– Меня учила миледи, – уже свободнее ответила девушка, – она говорила, что я – хорошая ученица. Я не только говорю, но и пишу по-русски.

Они подошли к столу, и Генриетта с радостью увидела, что осталось всего два незанятых места рядом.

«Ники будет сидеть около меня, и, может быть, я смогу поговорить с ним, – размечталась она. – Я не стану говорить прямо, только намекну, если смогу, чтобы не смущать его».

Князь Алексей провозгласил тост за жениха и невесту, все начали радостно чокаться, и Генриетта почувствовала, как пальцы Николая прижались к ее руке, обнимающей ножку бокала. Девушка подняла на него глаза и наткнулась на теплый взгляд. Он смотрел на нее так же, как тогда в Лондоне.

– Вы рады за моего брата? – спросил он. – Натали прекрасная девушка, ему пора обрести семейное счастье.

– А вам, ведь вы старший из братьев? – боясь собственной смелости, спросила Генриетта. – У нас обычно сначала женится старший брат.

– У нас все по-другому, – мрачнея, заметил Черкасский, – по крайней мере, в моей семье.

– Простите, я неудачно спросила, это, наверное, от незнания языка, – испугалась Генриетта.

Она прокляла себя за прямолинейность, теперь настроение у Николая будет испорчено, и он отвернется от нее. К счастью, этого не произошло. Черкасский взял себя в руки и начал с ней ни к чему не обязывающий разговор об архитектуре Санкт-Петербурга и Парижа.

«Вот так мы и дотянем до конца обеда, – подумала Генриетта, – а потом он покинет меня и больше не посмотрит в мою сторону. Нужно заинтересовать его, напомнить о тех вечерах в Лондоне, когда я пела для него одного».

– Вы помните музыкальный салон на Аппер-Брук-стрит? – тихо спросила она.

– Конечно, помню. Вы так пели тогда, что, казалось, ангелы спускаются с неба, – чуть кашлянув, ответил князь Николай. – Я вспоминал эти вечера в самые трудные минуты, когда казалось, что жизнь черна как угольная яма.

– И я вспоминала, ведь так, как слушали вы, меня никто никогда не слушал, – призналась девушка, – я не знала отца, но я думаю, что он слушал бы меня так же.

– Отец, – сказал князь, опуская голову, и Генриетте показалось, что она услышала горькие нотки в его голосе. – Он гордился бы такой дочерью, если бы мог видеть вас.

– Спасибо, – кивнула девушка и, посмотрев прямо в лицо собеседника, сказала: – Только я не хотела бы, чтобы вы были моим отцом.

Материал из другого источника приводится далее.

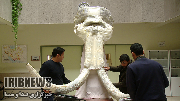 نمونه بازسازی شده جمجمه فسیل 2 میلیون ساله فیل دشت مغان در دانشگاه زنجان رونمایی شد.

– Почему? – удивился тот, но Генриетта заметила радость, мелькнувшую в больших ореховых глазах князя. – Мне казалось, что мы подружились в Лондоне год назад.

– Я любила бы отца по-другому, – призналась девушка.

– А меня? – Николай спросил это так тихо, что Генриетте показалось, что она догадалась по губам, а не услышала эти слова.

«Что сказать? Признаться? – испугалась девушка. – Но он подумает, что я распущенная и нескромная».

Она разрывалась между желанием открыть свои чувства и страхом потерять того, о ком грезила все это время. Генриетта подняла глаза на князя, не зная, что ответить, и, не отрываясь, смотрела на него.

«Пойми сам, – мысленно умоляла она, – не заставляй меня на глазах у всей семьи объясняться тебе в любви».

И ее призыв дошел до собеседника. Девушка и не подозревала, что на ее подвижном лице отражаются все чувства, которые она испытывает. Смущение, робость и любовь, которую уже нельзя было скрыть, ясно читались в ее аквамариновых глазах. Николай улыбнулся и промолчал. В отличие от своей собеседницы, он видел, как сами хозяева и гости Черкасских искоса поглядывают в их сторону, но не привлекают занятую друг другом пару к общему разговору.

«Похоже, все уже ждут, что мы сейчас объяснимся, – подумал он. – Да я был бы счастлив, если бы не безумие отца».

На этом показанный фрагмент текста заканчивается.